Перед рассветом зазвучала птица.
И вот уже сереющий восток алеет, розовеет, золотится.
Росой омыты каждый стебелек, листок, и лепесток, и куст рябины, и розовые сосны, и пенек.
И вот уж белизною голубиной сияют облака меж темных крон и на воде, спокойной и невинной.
И лесопарк стоит заворожен.
Но вот в костюме импортном спортивном бежит толстяк, спугнув чету ворон.
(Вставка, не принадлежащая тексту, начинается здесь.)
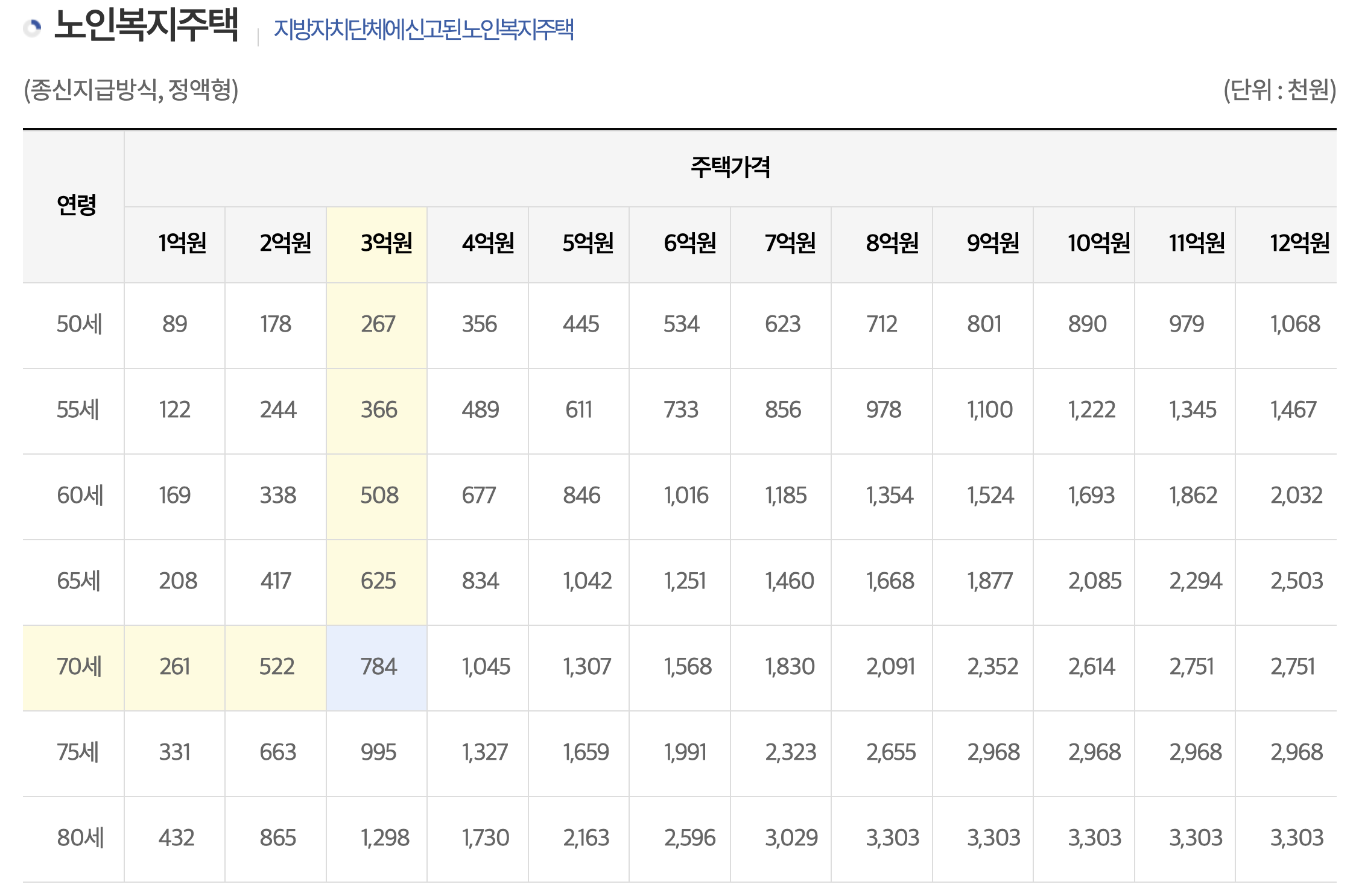 (지방자치단체에 신고된 노인복지주택) 70세, 3억원 주택 기준으로 매월 78만 4천원을 수령받을 수 있습니다.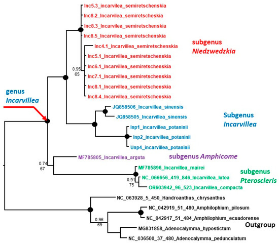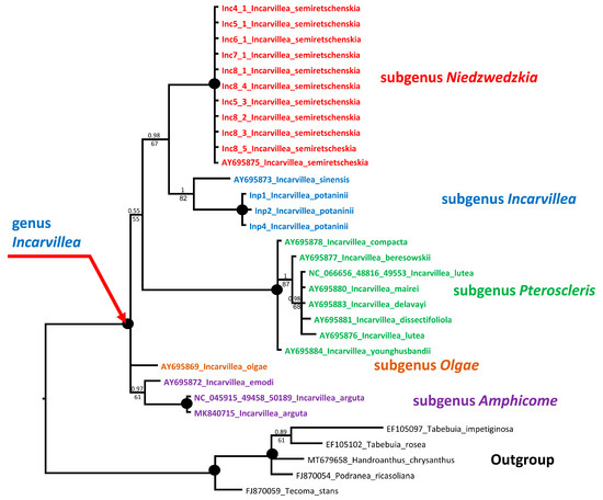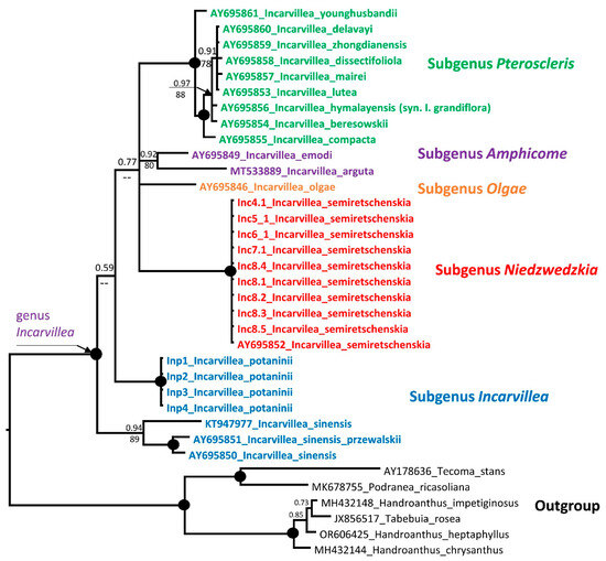 nrITS analysis: We sequenced ITS with 10 accessions of I. semiretschenskia and 4 accessions of I. potaninii. All sequences within a species are identical. The ITS alignment of 35 accessions, including 16 Incarvillea sequences from GenBank and 6 accessions as the outgroup, is 605 bp long (see Supplementary File S1A). In these sequences, 443 characters were constant, 44 variable characters were parsimony-uninformative, and 118 were parsimony-informative. Unweighted parsimony analysis resulted in one most parsimonious tree of 308 steps (CI = 0.6883; RI = 0.8879). The substitution model HKY + G was chosen according to the AIC in jModelTest2 v.2.1.6 for the Bayesian analysis (Figure 4). Incarvillea is monophyletic, and the I. sinensis accessions (subgen. Incarvillea) form a basal clade in the genus with medium support (0.94 PP and 89 BS). I. potaninii accessions (subgen. Incarvillea) also form a clear monophyletic clade and the sister clade to I. sinensis, leaving the subgenus Incarvillea as weakly monophyletic. All remaining subgenera form unresolved clades with monophyletic clades with varying levels of support: subgenera Pteroscleris and Niedzwedzkia have very strong support, and subgenera Amphicome and Olgae are weakly supported or unresolved. This may be due to only one accession sequence existing for one species. Interestingly, the ITS tree topology differs in Bayesian, maximum likelihood, and maximum parsimony. In the maximum likelihood and maximum parsimony trees, I. semiretschenskia is sister to all other Incarvillea species, and the subgenus Incarvillea is more clearly paraphyletic than in the Bayesian tree. It should also be noted that support for separating the clade containing I. semiretschenskia from other species of the genus in the maximum likelihood tree is minimal (51%) (Figure S1).

И в ласковых лучах виденьем дивным бегуньи мчатся. Чесучевый дед, глазами съев их грудки, неотрывно
их попки ест, покуда тет-а-тет
пса внучкина с дворнягой безобразной
не отвлечет его. Велосипед
несет меж тем со скоростью опасной двух пацанов тропинкой по корням дубов и дребезжит. И блещет ясно
гладь водная, где, вопреки щитам осводовским, мужчина лысоватый уж миновал буйки, где, к поплавкам
взгляд приковав, парнишка конопатый бессмысленно сидит. Идет семья с коляскою на бережок покатый.
И буквы ДМБ хранит скамья в тени ветвей. На ней сидит старушка и кормит голубей и воробья.
И слышен голос радостный с опушки, залитой солнцем: «Белка, белка!» — «Где?»
— «Да вот же, вот!» И вправду — на кормушке
пронырливый зверек. А по воде уж лодки, нумерованные ярко, скользят. Торчит окурок в бороде
верзилы полуголого. Как жарко.
И очередь за квасом. Смех и грех наполнили просторы лесопарка.
Играют в волейбол. Один из тех, кто похмелиться умудрился, громко кадрится без надежды на успех
к блондинке в юбке джинсовой. Потомки ворчливых ветеранов тарахтят — они в Афган играют на обломках
фанерных теремка. И добрый взгляд Мишутки олимпийского направлен на волка с зайцем, чьи тела хранят следы вечерних пьянок. Страшно сдавлен рукою с синей надписью «Кавказ» блестящий силомер. И мяч направлен
нарочно на очкарика. «Атас!»
И, спрятав от мента бутылки, чинно сидят на травке. Блещет, как алмаз,
стакан, забытый кем-то. Викторина идет на летней сцене. И поет то Алла Пугачева, то Сабрина,
то Розенбаум. И струится пот густой. И с непривычною обновой — с дубинкой черной — рыжий мент идет,
поглядывает. И Высоцкий снова хрипит из репродуктора. И вновь «Май ласковый», и снова Пугачева.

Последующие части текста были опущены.